Send us enquiries for free, and we will assist you in establishing a direct connection with your preferred Ferrous Fumarate manufacturer or Ferrous Fumarate supplier.
PharmaCompass also assists you with knowing the Ferrous Fumarate API Price utilized in the formulation of products. Ferrous Fumarate API Price is not always fixed or binding as the Ferrous Fumarate Price is obtained through a variety of data sources. The Ferrous Fumarate Price can also vary due to multiple factors, including market conditions, regulatory modifications, or negotiated pricing deals.
A Ferrotemp manufacturer is defined as any person or entity involved in the manufacture, preparation, processing, compounding or propagation of Ferrotemp, including repackagers and relabelers. The FDA regulates Ferrotemp manufacturers to ensure that their products comply with relevant laws and regulations and are safe and effective to use. Ferrotemp API Manufacturers are required to adhere to Good Manufacturing Practices (GMP) to ensure that their products are consistently manufactured to meet established quality criteria.
click here to find a list of Ferrotemp manufacturers with USDMF, JDMF, KDMF, CEP, GMP, COA and API Price related information on PhamaCompass.

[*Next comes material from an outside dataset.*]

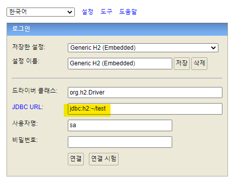 2-1 이후부터는 jdbc:h2:tcp://localhost/~/test로 접속한다

A Ferrotemp supplier is an individual or a company that provides Ferrotemp active pharmaceutical ingredient (API) or Ferrotemp finished formulations upon request. The Ferrotemp suppliers may include Ferrotemp API manufacturers, exporters, distributors and traders.
click here to find a list of Ferrotemp suppliers with USDMF, JDMF, KDMF, CEP, GMP, COA and API Price related information on PharmaCompass.
The Pharmaceuticals and Medical Devices Agency (PMDA) established the Japan Drug Master File (JDMF), also known as the Master File (MF), to permit Japanese and foreign manufacturers of drug substances, intermediates, excipients, raw materials, and packaging materials (‘Products’) to voluntarily register confidential information about the production and management of their products in Japan.
The Ferrotemp Drug Master File in Japan (Ferrotemp JDMF) empowers Ferrotemp API manufacturers to present comprehensive information (e.g., production methods, data, etc.) to the review authority, i.e., PMDA (Pharmaceuticals & Medical Devices Agency).
PMDA reviews the Ferrotemp JDMF during the approval evaluation for pharmaceutical products. At the time of Ferrotemp JDMF registration, PMDA checks if the format is accurate, if the necessary items have been included (application), and if data has been attached.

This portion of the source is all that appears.